Ok, scroll issue should now be fixed. A few things I'm thinking about here:

1 - I do think we're overprocessing items, and could be smarter about what we process based on scroll direction.

2 - I also think we could probably be smarter about the buffer integers that we pass to the generate function. (I don't really see a need to pass two different numbers into it).

3 - I think our method for changing the order of recycled items is wrong, because populateItem calls recyclableItems.pop(). I think we may want to change the sort function instead on line 108.
Yea, the clientHeight thing basically meant everything was being rendered upfront for the list.  So none of my changes were executing while scrolling.  Let me see what I broke.
I pushed a change to not append duplicate name elements to each row item.  This caused the items to get corrupted when recycling a node.
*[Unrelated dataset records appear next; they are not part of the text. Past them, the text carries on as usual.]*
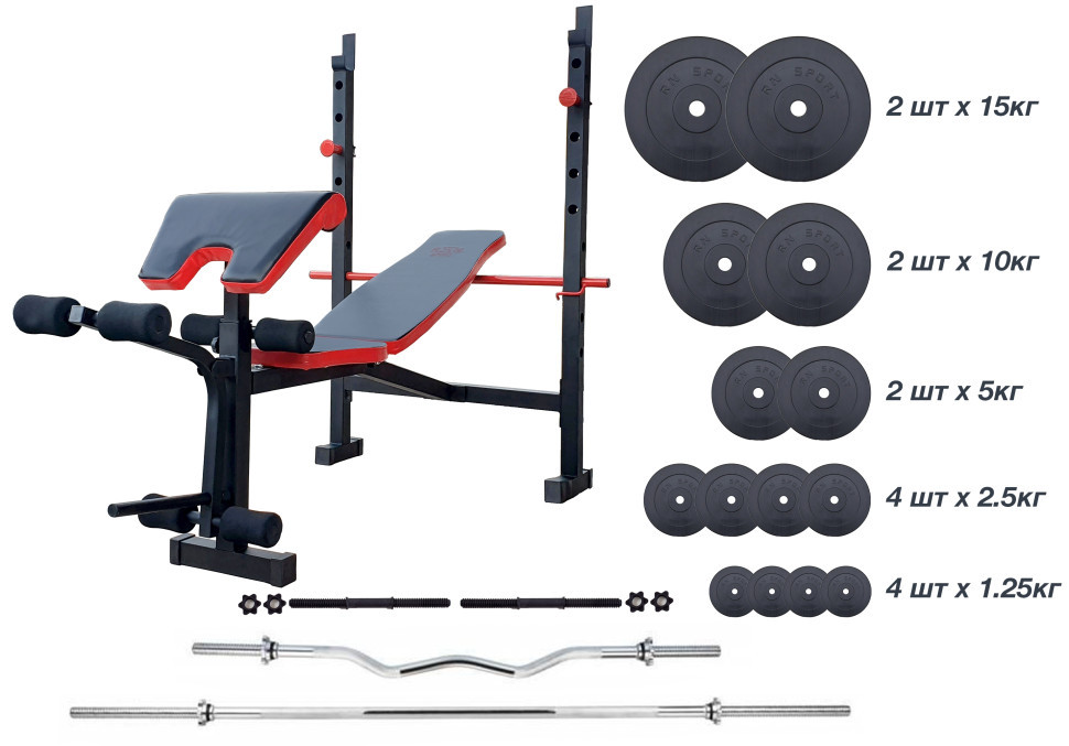 - 4х1,25 кг, 4х2,5 кг; 2х5 кг; 2х10; 2х15 кг.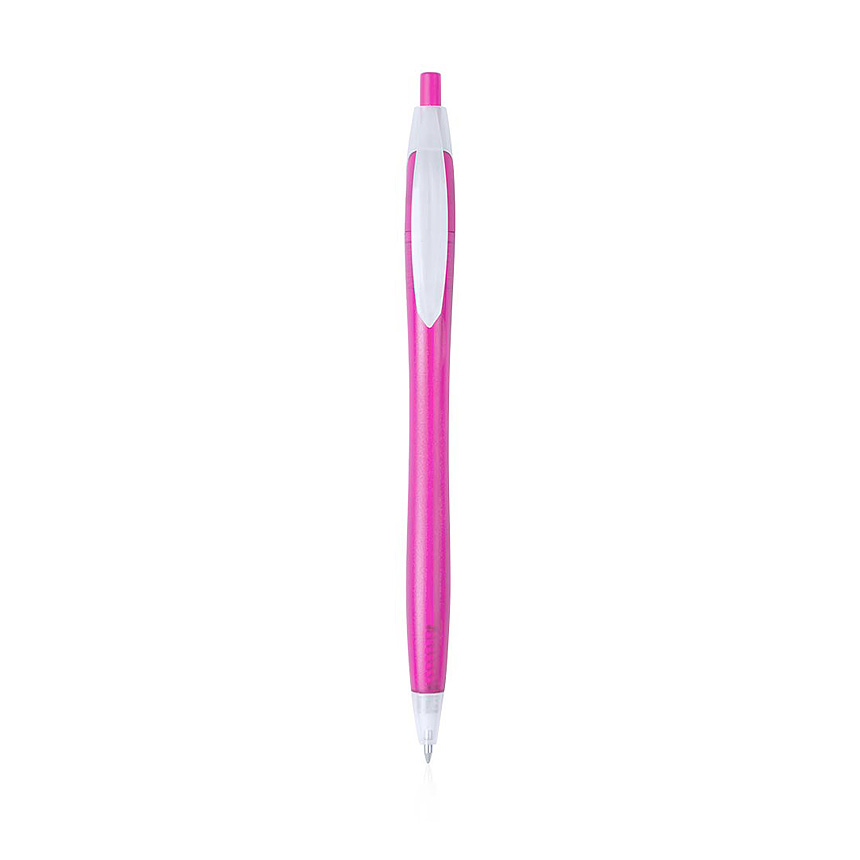Druckkugelschreiber mit auffälligem zweifarbigen Design und geschwungenem Schaft, in fröhlichen, durchscheinenden Farben und mit flachem Clip. Blauschreibend. Fuchsie - foto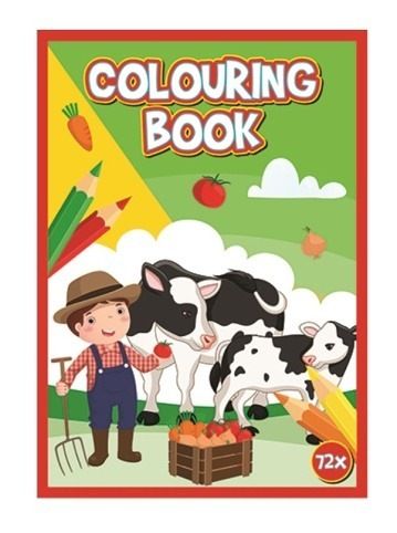 Nádherná kniha plná omalovánek. Celkem obsahuje 72 stran/obrázků k vymalování s motivem zvířat a nástrojů z farmy. Velikost strany je A4, tedy 29,7x21 cm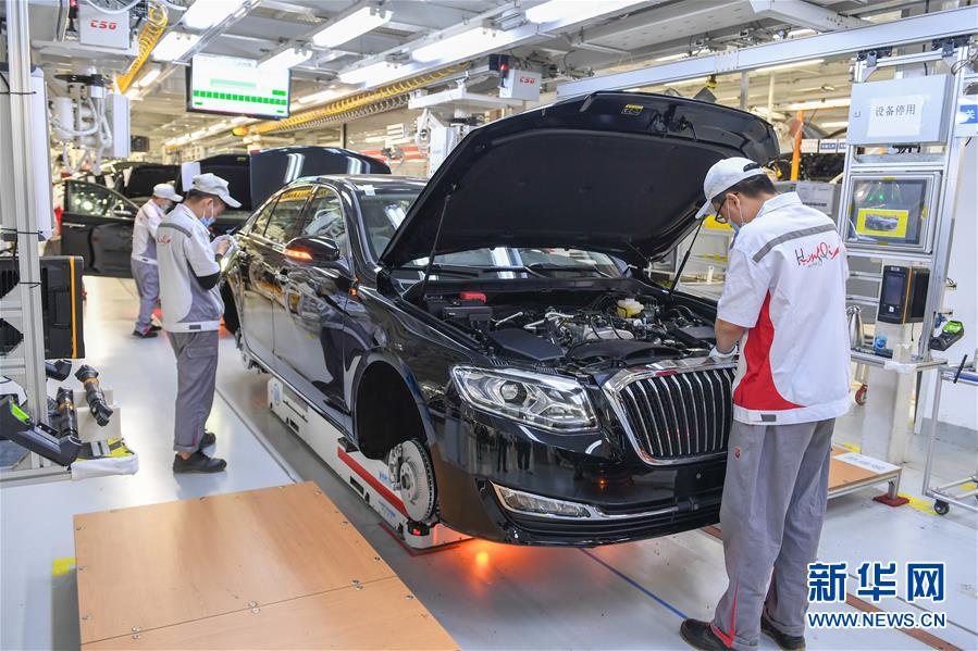 在位于長春市的一汽紅旗總裝車間,工人在裝配車輛(6月19日攝)。中國第一汽車集團(tuán)披露,截至6月30日,集團(tuán)上半年共計(jì)生產(chǎn)整車162.23萬輛,同比增長1.5%;銷售整車163.09萬輛,同比增長2.3%。新華社記者張楠攝

Can you explain why it matter what order we pull from the recycledItems list?  I would think once they are no longer attached to the DOM we could manipulate them in whatever order we choose.

I was trying to render the new items to the screen such that the ones closest to the "soon to be scrolled into view" are rendered first.  I have some more code to improve this further, but its not done yet.
I think we might be falling prey to bug 957668 now.  I'm seeing lots of:

E/memalloc(  137): /dev/pmem: No more pmem available
W/memalloc(  137): Falling back to ashmem

Which I think often happens when APZ wants to allocate a graphics buffer for a large display port.  Now that we have correct heights our list container is quite tall.  For reference-workload-medium its 3000px.  For reference-workload-heavy its 6000px, etc.
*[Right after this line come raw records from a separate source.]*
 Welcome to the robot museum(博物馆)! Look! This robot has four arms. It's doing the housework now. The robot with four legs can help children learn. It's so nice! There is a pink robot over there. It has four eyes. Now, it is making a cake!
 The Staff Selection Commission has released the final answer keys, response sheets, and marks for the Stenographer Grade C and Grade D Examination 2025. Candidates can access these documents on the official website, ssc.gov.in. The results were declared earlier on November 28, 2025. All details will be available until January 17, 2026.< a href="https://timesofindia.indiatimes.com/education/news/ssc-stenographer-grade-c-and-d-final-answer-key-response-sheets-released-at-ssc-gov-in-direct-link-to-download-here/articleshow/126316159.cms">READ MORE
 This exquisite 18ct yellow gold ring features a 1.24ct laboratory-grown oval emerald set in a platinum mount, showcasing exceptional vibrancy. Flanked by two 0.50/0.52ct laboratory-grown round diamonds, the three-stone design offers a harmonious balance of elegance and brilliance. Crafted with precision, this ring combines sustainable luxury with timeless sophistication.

I see a lot slowdown now too which I'm guessing is this giant layer getting repainted as we recycle nodes.

I'll try to profile some tomorrow to verify if this is what is happening.
(In reply to Ben Kelly [:bkelly] from comment #12)
> Interesting, checkerboarding is also much worse on my buri with hwc enabled.
> I see these in the log with hwc enabled when significant checkerboarding
> appears:
> 
>   D/HwcUtils( 3459): Skip layer
> 
> Benoit, Sotaro, Kats, do you know whats going on here with hwc and
> checkerboarding?

Sotaro can provide details on the "skip layer" message. From what I understand it is switching to a different type of memory.
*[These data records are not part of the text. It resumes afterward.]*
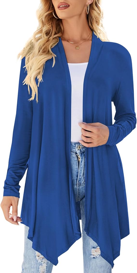 Women's Draped Front Open Cardigan Casual Long Sleeve Lightweight Cardigan Sweaters Duster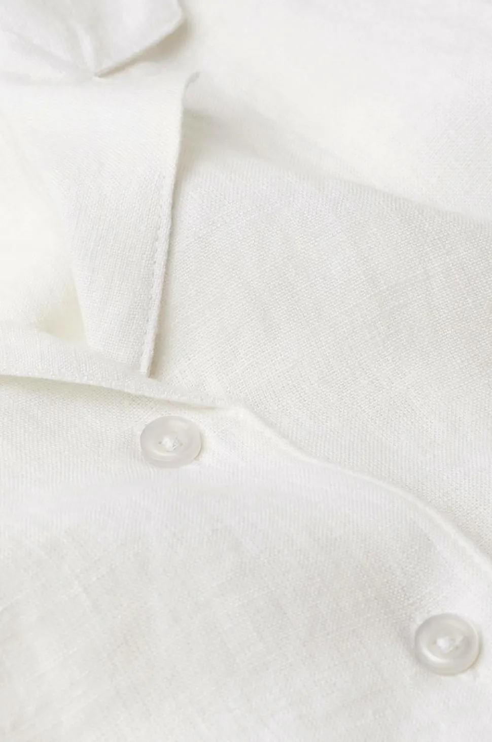 Hørskjorte i blød, kølig og vasket kvalitet af fransk hør. Lange ærmer. Krave med revers. Længde 61 cm i str. S.
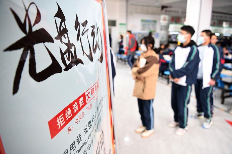 2月13日,寧夏育才中學學生在食堂擺放的“光盤行動”公益廣告前排隊。(新華社記者 王鵬/攝)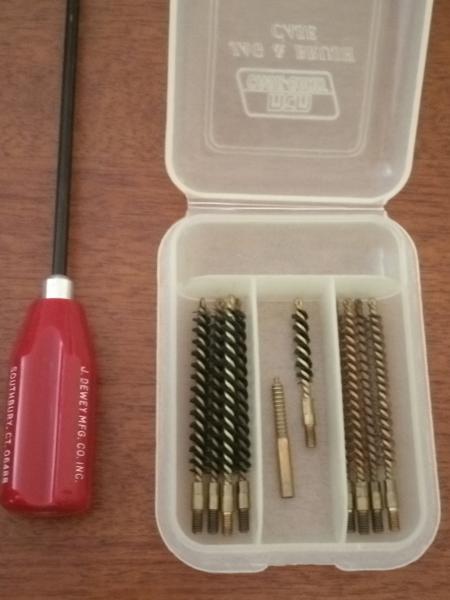 Yo para las carabinas me arreglo con una baqueta de la marca Hoppes, un par de gratas de bronce, un pasatrapos, un cepillo (del tamaño de los de dientes) y aceite en spray para armas, en vez de comprar parches de limpieza puedes usar trozos de trapo.

(In reply to Ben Kelly [:bkelly] from comment #19)
> I think we might be falling prey to bug 957668 now.  I'm seeing lots of:
> 
> E/memalloc(  137): /dev/pmem: No more pmem available
> W/memalloc(  137): Falling back to ashmem
> 
> Which I think often happens when APZ wants to allocate a graphics buffer for
> a large display port.  Now that we have correct heights our list container
> is quite tall.  For reference-workload-medium its 3000px.  For
> reference-workload-heavy its 6000px, etc.

You can verify the size of the displayport by checking the values getting passed in to SetDisplayPortForElement - that value will be in CSS pixels and presumably you will only ever have a 1.0 resolution in the contacts app so it should map directly to layer pixels.

I noticed that Kevin in comment 7 said that the displayport multiplier was set to 8x which is definitely too big.
Flags: needinfo?(bugmail.mozilla)
(In reply to Kartikaya Gupta (email:kats@mozilla.com) from comment #20)
> I noticed that Kevin in comment 7 said that the displayport multiplier was
> set to 8x which is definitely too big.

Unfortunately I get these even with a multiplier of 2 (so 5 screen heights worth rendered).  If we make these small, we can't render enough to account for scroll velocity between scroll events as well.
While scrolling with multiplier set to 2:

  I/Gecko   ( 1339): ### ### SetDisplayPortForElement: x:0.000000 y:-134.097 width:330.000000 height:1025
  E/memalloc( 1120): /dev/pmem: No more pmem available
  W/memalloc( 1120): Falling back to ashmem

Looking at /proc/meminfo it appears we are using almost 4MB of ashmem:

  Mlocked:            3960 kB

This is on mozilla-central at 1238ef12b996 with hwc disabled.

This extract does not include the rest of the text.